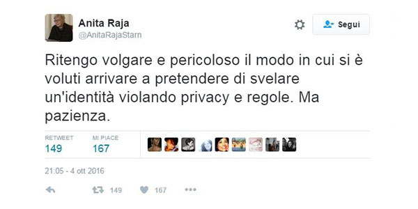 “Lo confermo sono Elena Ferrante“, così recita un tweet dell’account – adesso rimosso – @AnitaRajaStarn (Starn sarebbe un’abbreviazione del cognome del marito, lo scrittore Domenico Starnone) che è stato aperto ieri notte dicendo di voler spiegare e fare chiarezza dopo le numerose polemiche successive all’inchiesta per scoprire l’identità della scrittrice.
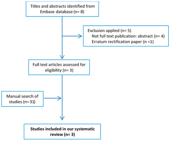 The EMBASE search strategy (‘osteoarthritis’/exp/mj OR ‘osteoarthritis’/mj) AND (‘Mediterranean diet’/exp/mj OR ‘Mediterranean diet’/mj) yielded a total of eight articles. After applying the selection criteria, three publications were selected. The flowchart showing the procedures for selecting the studies is shown in Figure 1. Table 1 shows the main characteristics of the selected articles and Table S2 shows a summary of their main findings [37,38,39]. Two articles reported cross-sectional data from the same study, namely the Osteoarthritis Initiative conducted in the USA [38,39], while the third was a randomized controlled trial [37]. The risk of bias was fair in both cross-sectional studies and unclear in the randomized controlled trial.
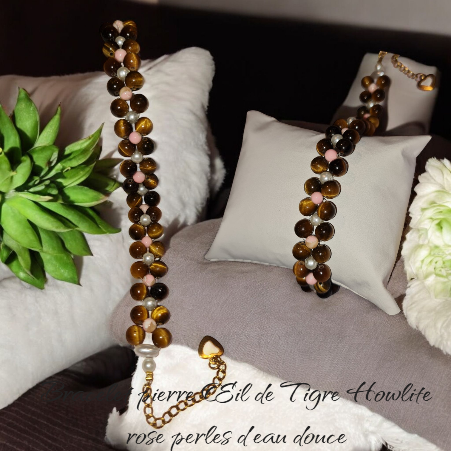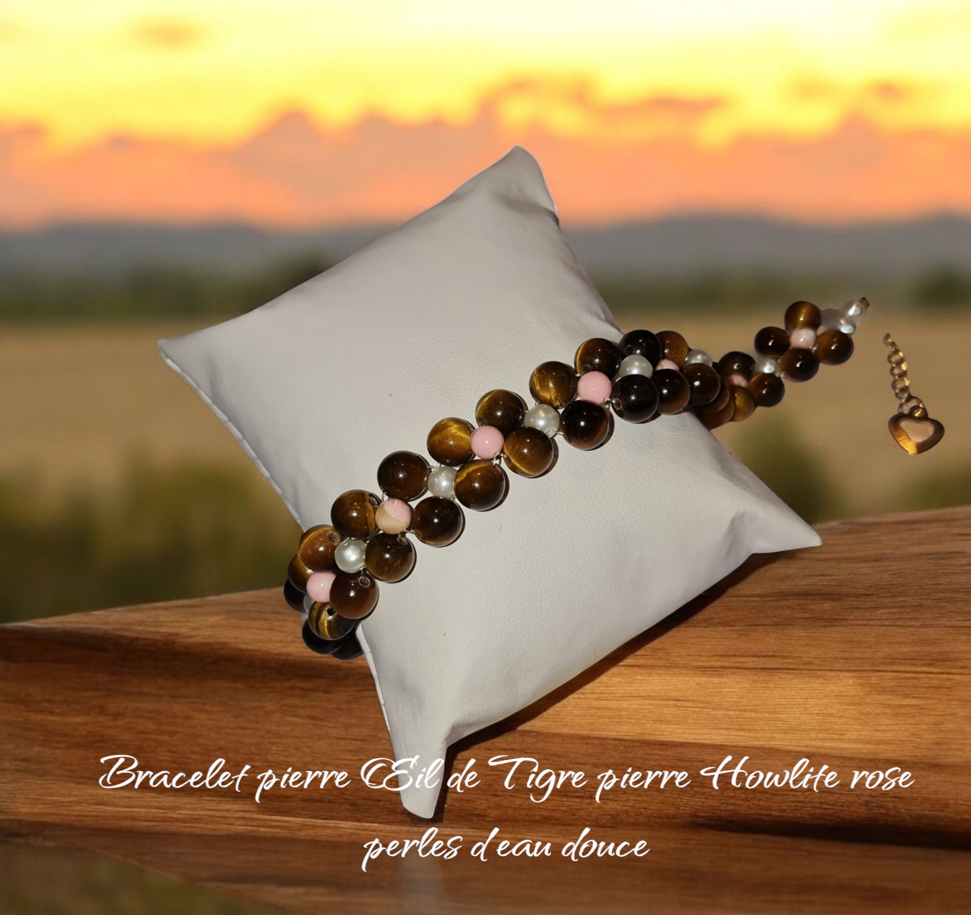 Bracelet 92 pierre Œil de Tigre pierre Howlite rose
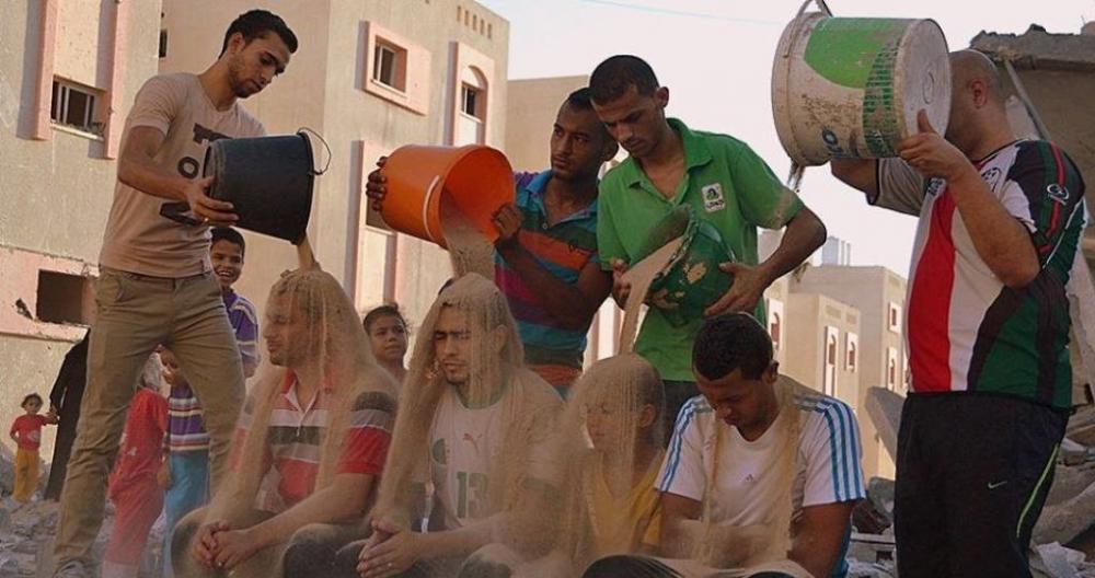 شارك مجموعة من الصحفيين الرياضيين في مدينة رفح جنوب قطاع غزة بفعالية تظهرهم وهم يقومون بسكب دلو من التراب في رسالة إلى العالم حول ما يشعر به أطفال غزة والمدنيين حينما يتم قصفهم من الطائرات الحربية الإسرائيلية وتدمير المنازل فوق رؤوسهم على غرار ما يقوم به لاعبو العالم بالماء البارد. وشارك في الفعالية الصحفيين مصطفي جبر، ومحمد، ويوسف الغريب، وسرحان أبو السعيد، وعلاء سلامة، ولاعب نادي شباب رفح يحيى الرخاوي، واستوحى المتضامنين هذه الفكرة من تحدي سكب الماء "دلو الثلج"، حيث يتم سكب دلو من الماء والثلج البارد جداً على رأس الشخص، وهذا جزء من حملة تحدي لنشر التوعية حول مرض التصلب الجانبي الضموري أو الـ "ASL" وجمع التبرعات. ولكن في رفح سكبوا على رؤوسهم بقايا حطام وركام من البيوت المدمرة في تحدي للعالم الذي لا يولي الحرب على غزة أي اهتمام، حيث تواصلت الحرب لليوم 51 على التوالي واستشهد فيها أكثر من 2120 مواطناً وأصيب ما يقارب من 11 ألف أخرين، وهدمت آلاف البيوت، والمساجد، والمدارس على رؤوس المواطنين الأبرياء. وقال الإعلامي محمد الغريب: "هنا غزة فلسطين التي يقتل أطفالها ونسائها بسقوط أطنان القنابل، ومن أمام منزل عائلة زعرب الذي استشهد فيه 23 مواطناً برئ معظمهم أطفال ونساء على العالم أن يشعر بما يشعر به المظلومين، وأن يأخذ كل فرد دلو من التراب ويسكبه على رأسه". بدوره، أكد جبر أن هذه رسالة إلى العالم أجمع أن هذا التراب يسقط يومياً فوق رؤوس الأطفال والأبرياء بسبب قصف الطائرات الإسرائيلية لأطنان القنابل فوق رؤوسهم ورسالتنا لجميع اللاعبين والرياضيين في الدول العربية والعالم أن يفكروا في أطفال غزة ويدعموهم بلفتة هامة عبر هذه الطريقة. يشار إلى أن منازل الكثير من الرياضيين تعرضت للتدمير خلال الحرب على غزة، كما استشهد وأصيب عشرات أخرين منهم.

__________

# [Required action]
The answer is the listing above restated word for word, pictures removed.

# [Written reply]
 “Lo confermo sono Elena Ferrante“, così recita un tweet dell’account – adesso rimosso – @AnitaRajaStarn (Starn sarebbe un’abbreviazione del cognome del marito, lo scrittore Domenico Starnone) che è stato aperto ieri notte dicendo di voler spiegare e fare chiarezza dopo le numerose polemiche successive all’inchiesta per scoprire l’identità della scrittrice.
 The EMBASE search strategy (‘osteoarthritis’/exp/mj OR ‘osteoarthritis’/mj) AND (‘Mediterranean diet’/exp/mj OR ‘Mediterranean diet’/mj) yielded a total of eight articles. After applying the selection criteria, three publications were selected. The flowchart showing the procedures for selecting the studies is shown in Figure 1. Table 1 shows the main characteristics of the selected articles and Table S2 shows a summary of their main findings [37,38,39]. Two articles reported cross-sectional data from the same study, namely the Osteoarthritis Initiative conducted in the USA [38,39], while the third was a randomized controlled trial [37]. The risk of bias was fair in both cross-sectional studies and unclear in the randomized controlled trial.
 Bracelet 92 pierre Œil de Tigre pierre Howlite rose
 شارك مجموعة من الصحفيين الرياضيين في مدينة رفح جنوب قطاع غزة بفعالية تظهرهم وهم يقومون بسكب دلو من التراب في رسالة إلى العالم حول ما يشعر به أطفال غزة والمدنيين حينما يتم قصفهم من الطائرات الحربية الإسرائيلية وتدمير المنازل فوق رؤوسهم على غرار ما يقوم به لاعبو العالم بالماء البارد. وشارك في الفعالية الصحفيين مصطفي جبر، ومحمد، ويوسف الغريب، وسرحان أبو السعيد، وعلاء سلامة، ولاعب نادي شباب رفح يحيى الرخاوي، واستوحى المتضامنين هذه الفكرة من تحدي سكب الماء "دلو الثلج"، حيث يتم سكب دلو من الماء والثلج البارد جداً على رأس الشخص، وهذا جزء من حملة تحدي لنشر التوعية حول مرض التصلب الجانبي الضموري أو الـ "ASL" وجمع التبرعات. ولكن في رفح سكبوا على رؤوسهم بقايا حطام وركام من البيوت المدمرة في تحدي للعالم الذي لا يولي الحرب على غزة أي اهتمام، حيث تواصلت الحرب لليوم 51 على التوالي واستشهد فيها أكثر من 2120 مواطناً وأصيب ما يقارب من 11 ألف أخرين، وهدمت آلاف البيوت، والمساجد، والمدارس على رؤوس المواطنين الأبرياء. وقال الإعلامي محمد الغريب: "هنا غزة فلسطين التي يقتل أطفالها ونسائها بسقوط أطنان القنابل، ومن أمام منزل عائلة زعرب الذي استشهد فيه 23 مواطناً برئ معظمهم أطفال ونساء على العالم أن يشعر بما يشعر به المظلومين، وأن يأخذ كل فرد دلو من التراب ويسكبه على رأسه". بدوره، أكد جبر أن هذه رسالة إلى العالم أجمع أن هذا التراب يسقط يومياً فوق رؤوس الأطفال والأبرياء بسبب قصف الطائرات الإسرائيلية لأطنان القنابل فوق رؤوسهم ورسالتنا لجميع اللاعبين والرياضيين في الدول العربية والعالم أن يفكروا في أطفال غزة ويدعموهم بلفتة هامة عبر هذه الطريقة. يشار إلى أن منازل الكثير من الرياضيين تعرضت للتدمير خلال الحرب على غزة، كما استشهد وأصيب عشرات أخرين منهم.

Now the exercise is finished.